Sun, Jul 27, 2003 - Page 3 News List

Truku tribe set to become 12th indigenous population

By Ko Shu-ling  /  STAFF REPORTER

Premier Yu Shyi-kun yesterday announced that the Truku (太魯閣) of Hualien County will become the nation's 12th indigenous tribe.

"I don't have any problem with making the Truku the nation's 12th indigenous tribe and we'll try to clear the administrative procedure by the end of the year," Yu said.

Yu made the remark yesterday afternoon while visiting the county's Hsiulin township, where most of the county's Truku people live.

Chairman of the Cabinet's Council of Aboriginal Affairs Chen Chien-nien (陳建年) later said that the council will make efforts to complete the procedure by September.

The Truku tribe and its ancestors, the Sedeq of Nantou County, have long been categorized a distinct part of the Atayal tribal system.

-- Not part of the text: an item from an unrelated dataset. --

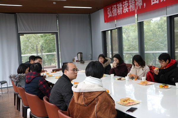 的李淇介绍了由纤维素纳米纤维稳定的新型皮克林乳液的乳化性能和界面行为。在每位同学讲解结束后,各位老师和现场的研究生都针对其研究内容进行了提问和互动交流。报告会结束后,代表们在食科院阳光房又举行了学术茶话会活动,针对各个高校的学术文化等方面的内容进行了更深入的学术交流。食科院也为参加报告会的优秀学生们颁发了纪念品并合影留念。

While there are about 30,000 Truku residing in Hualien's Hsiulin, Wanron and Choushi townships, about 7,000 Sedeq people are scattered in the 12 villages of Nantou County's Jenai Township.

Following the government's recognition of the Thao as the nation's 10th official Aboriginal tribe in 2001, the Cabinet last year approved a proposal to recognize the Kavalan people as the nation's 11th Aboriginal tribe.

A Truku of Hualien County's Hsiulin township, Lee Chih-shoon (李季順), whose Aboriginal name is Tera Yadau (鐵拉.尤道), said yesterday that he was appreciative of the premier's pledge.

"We've been campaigning for the official recognition of our tribe for over 10 years and I'm thrilled that our hard work is now paying off," he said.

Representing his own people, Tera Yadau yesterday expressed to Yu the tribe's wish to be officially recognized as the nation's 12th indigenous tribe during Yu's visit to Tera Yadau's hometown.

In mid July, Tera Yadau petitioned to President Chen Shui-bian (陳水扁) when Chen traveled to the county to solicit opinions from leaders of local small and medium enterprise leaders and representatives of the academic circle.

The DPP's Central Standing Committee, where Chen doubles up as the chairman, also passed a resolution last week to support the tribe's campaign.

Earlier in June, Tera Yadau, who had managed to collect 15,000 signatures from his people, took the case to the Aboriginal council for further review, pending the final approval of the Cabinet.

The series of actions came after the passage of a resolution in October last year by the town halls of Hsiulin and Wanron to step up their efforts for the campaign.

A former KMT member, Tera Yudau said Yu's pledge does little to sway his decision on the upcoming Hualien election.

"I'll cast my vote to the candidate who cares about the welfare and interest of the Aboriginal people," he said.

Painting Yu's decision as "hasty and immature," Watan Halu (瓦旦.哈路) of Nantou County's Sedeq tribe said that the government should have conducted more study on the two tribes' pedigree, demography, cultural uniqueness and language before rushing to the decision.

"It does nothing but separate us from our own blood brothers, the Truku," said Watan Halu, secretary to Nantou County's Jenai township administrator. "It'll definitely cause a ripple effect among my people."